* **GOAL OF THE EXERCISE**
In how many lines of these records does the word "Guadalupe" appear? Give the number by itself.

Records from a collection
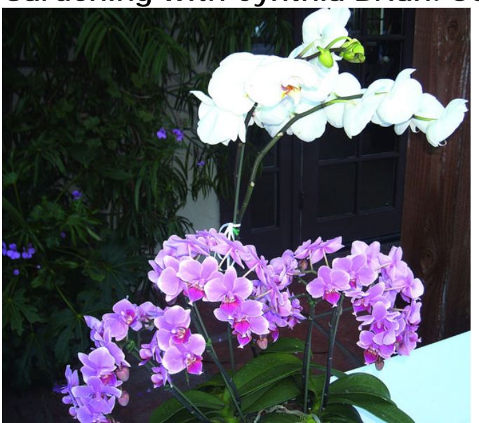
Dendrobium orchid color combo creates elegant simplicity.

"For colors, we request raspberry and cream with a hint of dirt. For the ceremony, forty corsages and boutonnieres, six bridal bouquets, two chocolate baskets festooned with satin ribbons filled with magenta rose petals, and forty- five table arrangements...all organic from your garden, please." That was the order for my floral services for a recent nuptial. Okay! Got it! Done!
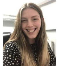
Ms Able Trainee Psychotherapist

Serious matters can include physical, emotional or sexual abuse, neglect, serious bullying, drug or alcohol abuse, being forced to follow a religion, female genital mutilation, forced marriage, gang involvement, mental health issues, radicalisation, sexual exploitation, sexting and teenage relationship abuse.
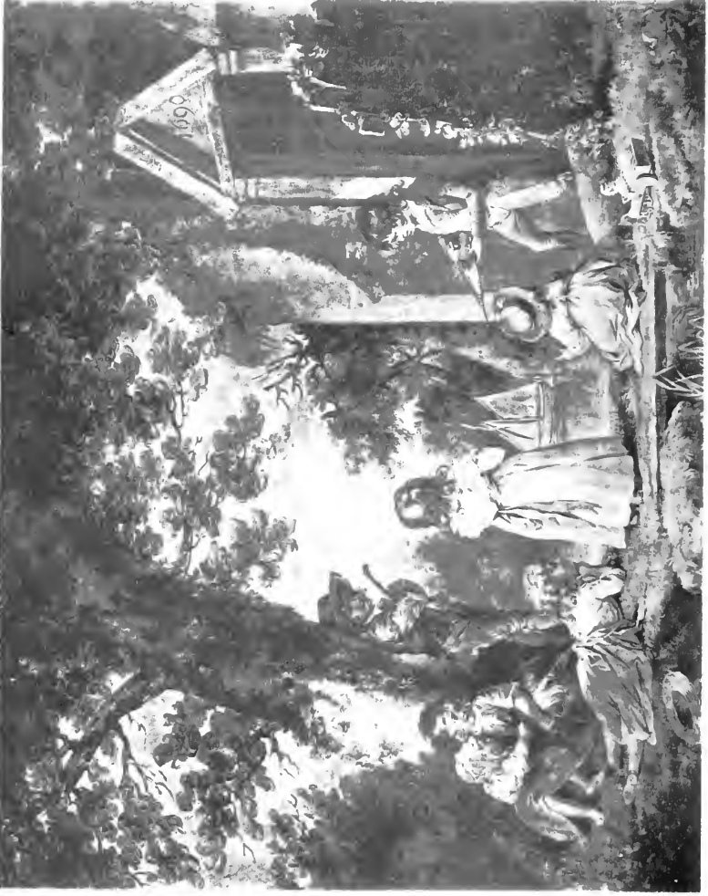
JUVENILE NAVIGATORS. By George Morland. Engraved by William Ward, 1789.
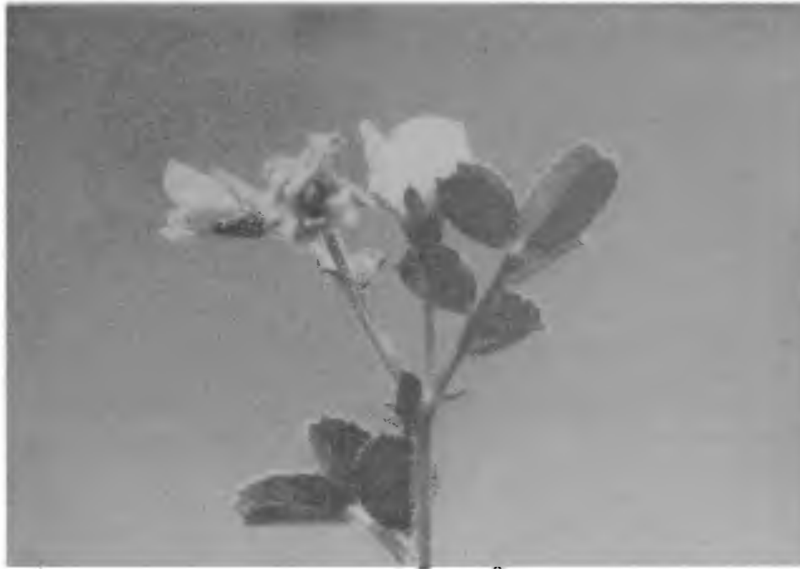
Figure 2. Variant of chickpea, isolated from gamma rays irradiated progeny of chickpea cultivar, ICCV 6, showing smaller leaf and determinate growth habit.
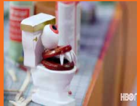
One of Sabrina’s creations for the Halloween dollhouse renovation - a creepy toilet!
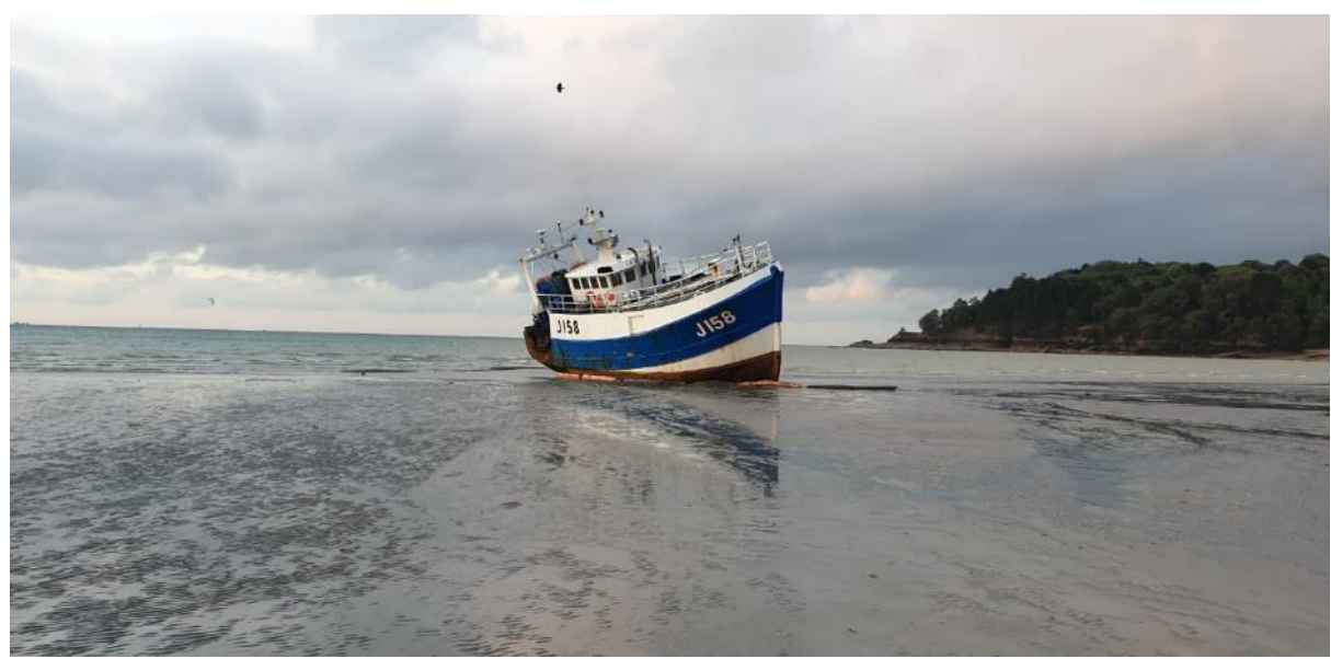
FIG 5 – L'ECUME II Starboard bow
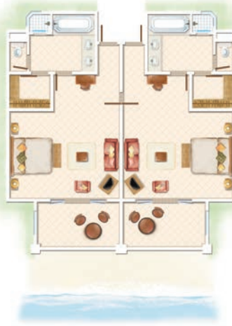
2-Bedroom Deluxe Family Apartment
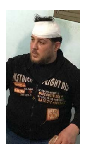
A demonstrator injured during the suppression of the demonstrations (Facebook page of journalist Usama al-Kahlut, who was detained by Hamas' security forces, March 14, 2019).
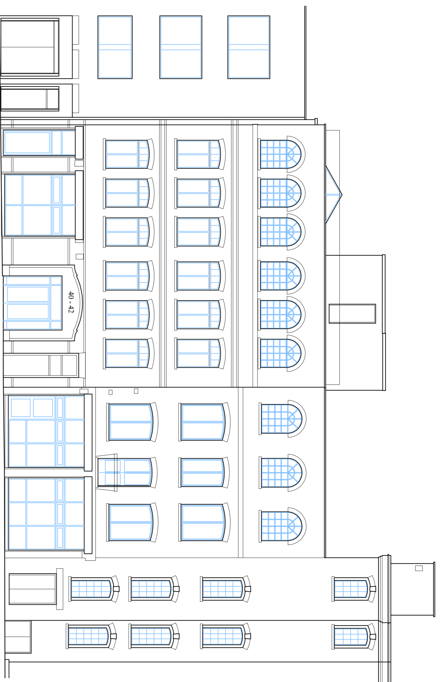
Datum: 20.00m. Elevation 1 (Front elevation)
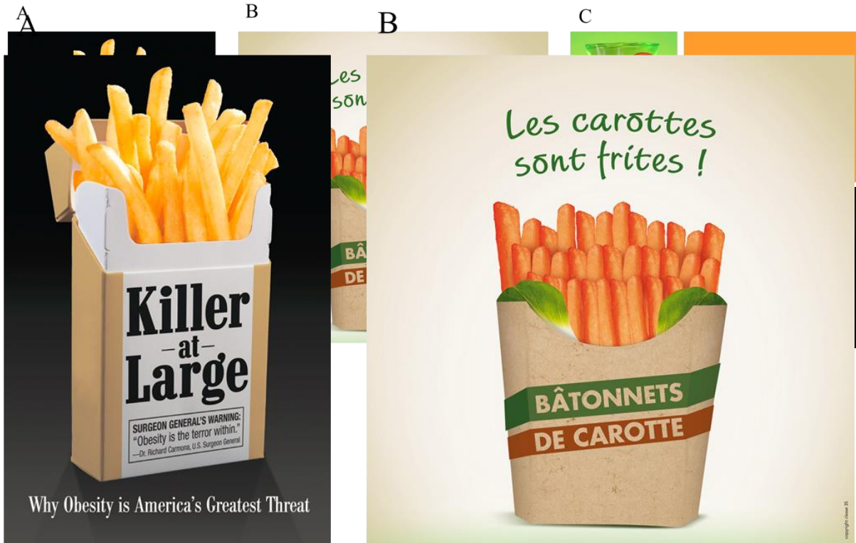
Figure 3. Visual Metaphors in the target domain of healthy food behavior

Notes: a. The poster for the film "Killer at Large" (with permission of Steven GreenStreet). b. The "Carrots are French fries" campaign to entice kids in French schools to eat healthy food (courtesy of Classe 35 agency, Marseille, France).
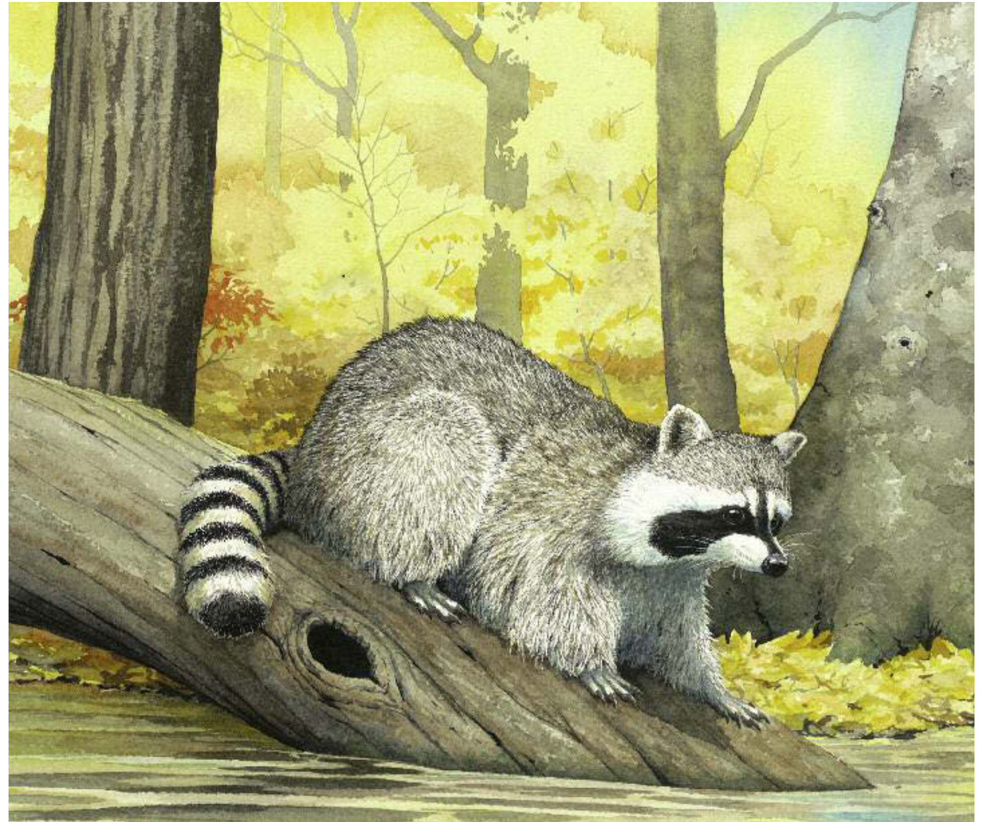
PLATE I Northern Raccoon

* * *

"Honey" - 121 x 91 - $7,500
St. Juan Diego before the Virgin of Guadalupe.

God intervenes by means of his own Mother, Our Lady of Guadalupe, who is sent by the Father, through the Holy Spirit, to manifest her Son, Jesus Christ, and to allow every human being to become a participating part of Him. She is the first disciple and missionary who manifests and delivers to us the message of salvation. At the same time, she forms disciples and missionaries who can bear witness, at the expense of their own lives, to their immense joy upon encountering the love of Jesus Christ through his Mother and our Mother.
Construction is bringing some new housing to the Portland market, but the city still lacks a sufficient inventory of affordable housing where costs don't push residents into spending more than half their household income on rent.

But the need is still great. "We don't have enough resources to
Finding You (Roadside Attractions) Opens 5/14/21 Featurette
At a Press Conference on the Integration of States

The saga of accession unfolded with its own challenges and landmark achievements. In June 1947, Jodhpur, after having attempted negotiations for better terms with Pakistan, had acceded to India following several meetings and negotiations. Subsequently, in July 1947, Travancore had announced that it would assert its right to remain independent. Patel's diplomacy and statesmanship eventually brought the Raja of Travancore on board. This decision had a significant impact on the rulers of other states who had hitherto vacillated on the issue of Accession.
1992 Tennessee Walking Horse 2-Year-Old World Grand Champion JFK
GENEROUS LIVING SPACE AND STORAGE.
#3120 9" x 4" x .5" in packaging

* **SOLUTION FOR THIS TASK**
2